Commonwealth Journal

Local News

April 23, 2007

Tribal pride lives on in pulaski

Pulaski County men with Cherokee heritage trying to garner local support

Two Pulaski County men with Cherokee blood are trying to increase local membership in a tribal group they lead.

Yona Edwards, principal chief of Cherokee of Kentucky Chickamauga (CKYC), Tahitsi Band, and Giga Tali, Red Chief of CKYC, say rolls are open to accept enrollment requests from anyone who would like to become tribal citizens.

“We want to teach,” said Giga Tali, whose name in the Cherokee language means “Two Bloods.”

Yona, Cherokee name for “bear,” agrees. “It is our intent to bring back the indigenous presence to this area that is so much a part of its rich history. We are going to teach cultural ways and the history from the native prospective.”
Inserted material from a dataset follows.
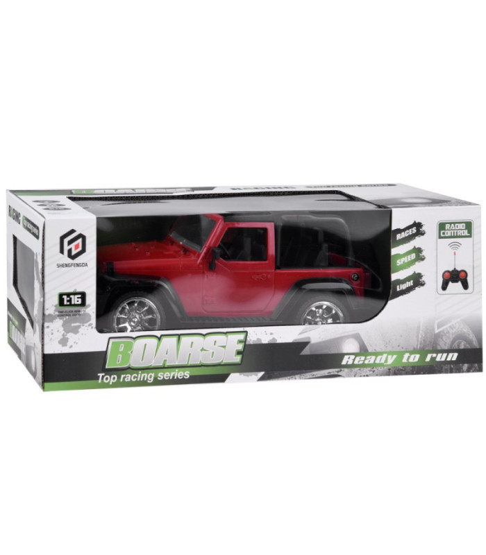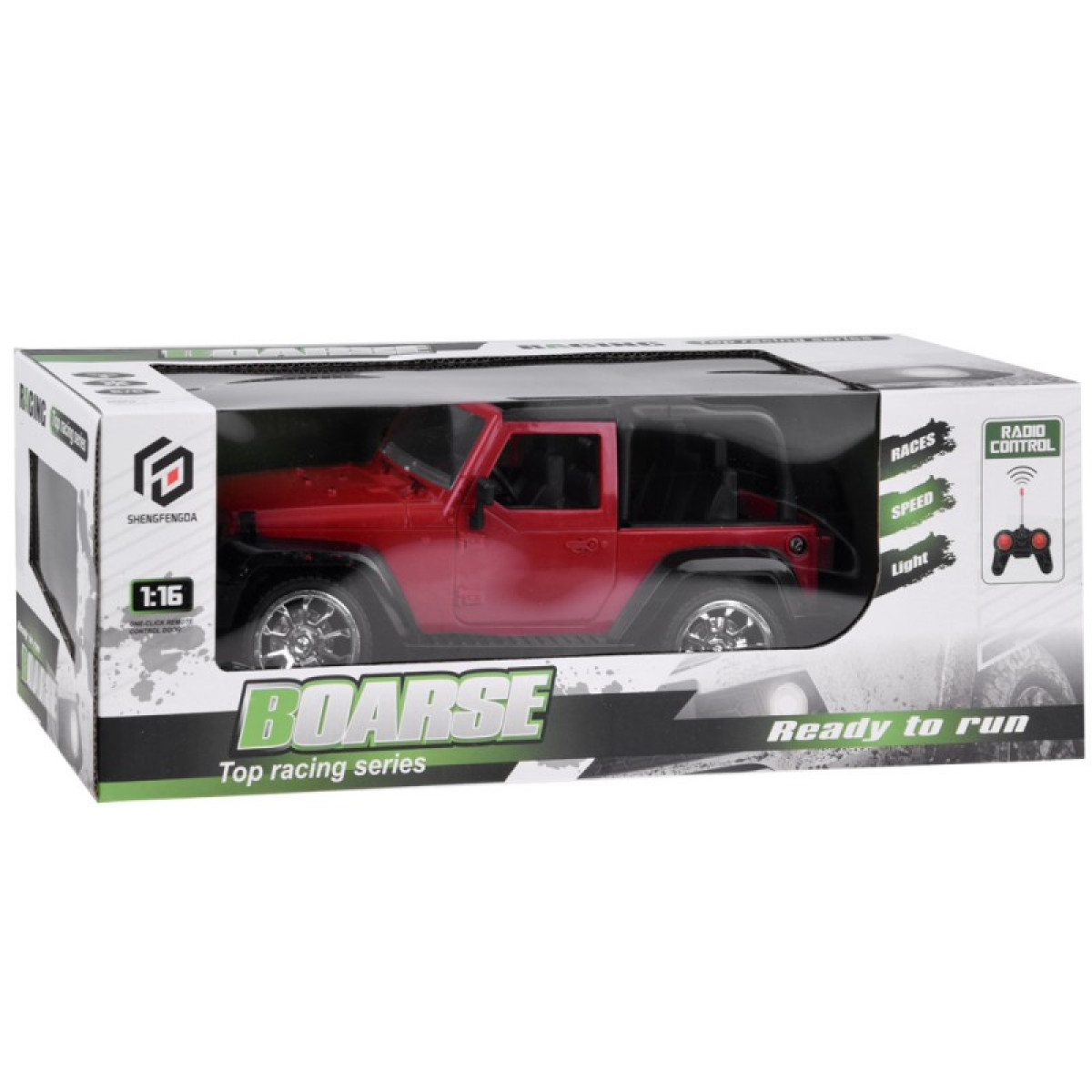 Visureigis, valdomas patogiu nuotolinio valdymo pulteliu, suteiks daug teigiamų pramogų kiekvienam mažam vaikui. Automobilis pagamintas vien iš plastiko geltonos ir juodos spalvos, automobilio ratai ant protektoriaus yra guminiai, kurių dėka transporto priemonė puikiai laikysis prie žemės. Formingas visureigio siluetas efektyviai reprezentuos save įvairiuose mažojo vairuotojo paruoštuose maršrutuose, o važiuojant šviečiančios šviesos nušvies trasą.

CKYC has been in existence for seven or eight years, according to Yona. Up to now, the thread that has tied the tribe together is the Internet.

“We want to get to know people ... the Internet is not that productive,” said Giga Tali. Yona estimated that up to 85 percent of the residents in the Lake Cumberland area has some Native American Indian blood.

About their organization, Yona said: “We’re not playing Indian. It’s not about beads and feathers. It’s what’s in your heart.”

He said the ways of the Cherokee are about living in harmony with each other and the land. “Our tribe is about learning the ways and let you be driven by that.”

“What we want to do is teach those who want to learn about the old ways,” said Yona. “The one thing we all have in common is that we are all related.”

Yona pointed out that 500 years of contact have resulted in a lot of mixed blood. “(Until a few years ago) much of it has been hidden ... it was not vogue to be an Indian.”

Giga Tali and Yona have a dream. They want to build a cultural center and provide a place where both children and adults may come and experience the ancient culture of Cherokees. “We want to keep the language alive,” Yona added. “We call ourselves, ‘Tsalagi’ (Ja-la-gee), it is what the Cherokee people call themselves. They are ‘AniYvWiya’, (Ah-nee-yuh-wee-yah), meaning, the Principal People, or True Human Beings.”